- Born: Rajkumar Bidursana Singh 17 October 1941 Nongmeibung Wangkheirakpam Leikai, Imphal, Manipur
- Died: 9 June 2021 (aged 79)
- Occupations: Film critic, writer
- Parent(s): R. K. Haimosana R. K. Ongbi Bidhumukhi
- Writing career
- Notable awards: National Film Award for Best Film Critic (2008)

= R. K. Bidur Singh =

Indian film critic and film society activist (1941–2021)

R. K. Bidur Singh (17 October 1941 – 9 June 2021) was a notable Indian film critic and film society activist from Imphal, Manipur. He won the Best Critic Award at the 56th National Film Awards. He worked as a government employee and retired as an assistant account officer. His published books include Wakhal Machu Machu, Shaktam Makhal Makhal (2011), Mitkup Khara (2012) and Kaunakhigadra Haina (Atenba Punshi Shaktamsing) (2013).

Manipur State Film Development Society (MSFDS) described him as an Encyclopedia of Manipuri cinema. He succumbed to post COVID-19 complications on 9 June 2021.

== Associations and activities ==
R.K. Bidur Singh was the founding president of the Manipur Film Journalist/Critics Association (MFJCA). He was also a jury member of the National Film Awards for Best Writing on Cinema at the 57th National Film Awards. He took charge for some years as the General Secretary of the Imphal Cine Club. He had associated with National Film Development Corporation of India (Kolkata) - Film Script Panel, Film Critics Circle of India and the Cultural Forum, Manipur as members. Singh was the former Chairman of the film screening committee, Manipur Film Development Corporation Limited.
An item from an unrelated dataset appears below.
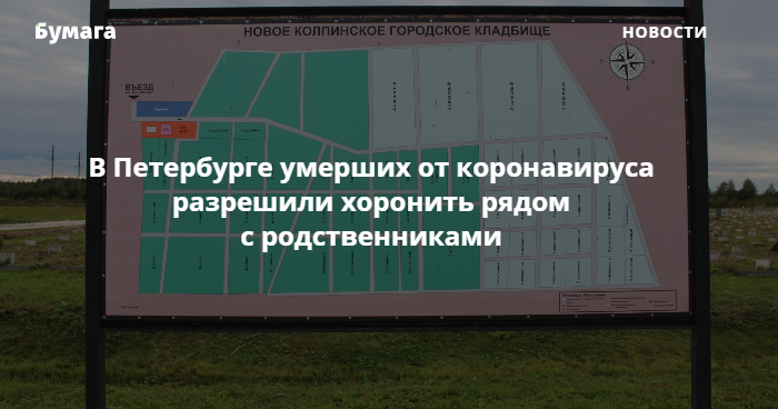 Хоронить умерших от COVID-19 будут на специально отведенных участках городских кладбищ Илики и Новое Колпинское, также разрешается захоронение на участках родственных могил на других кладбищах. Новые правила действуют с 28 мая.

He had also worked as the Outside Assessor at the Commission Programme Centre of Doordarshan PPC (NE), Guwahati and Imphal and was the former festival director of the North East Film Festival.

== Awards and accolades ==
R.K. Bidur Singh was conferred with the Outstanding Film Activist award by Manipur Film Development Corporation in 1997. He also received the Best Writing on Cinema award for his book Wakhal Machu Machu, Shaktam Makhal Makhal at the Manipur State Film Awards 2013.

In 2008, he won the National Film Award for Best Film Critic at the 56th National Film Awards. The citation for the National Award reads, "For taking the readers to a state little known to our film makers. He understands cinema like few others, bringing with him an open mindset that accepts the plurality of thought. He upholds the cause of regional film makers and his ability to focus on cultural relativity does not leave him even when he talks of international cinema. He loves films and it shows in his works".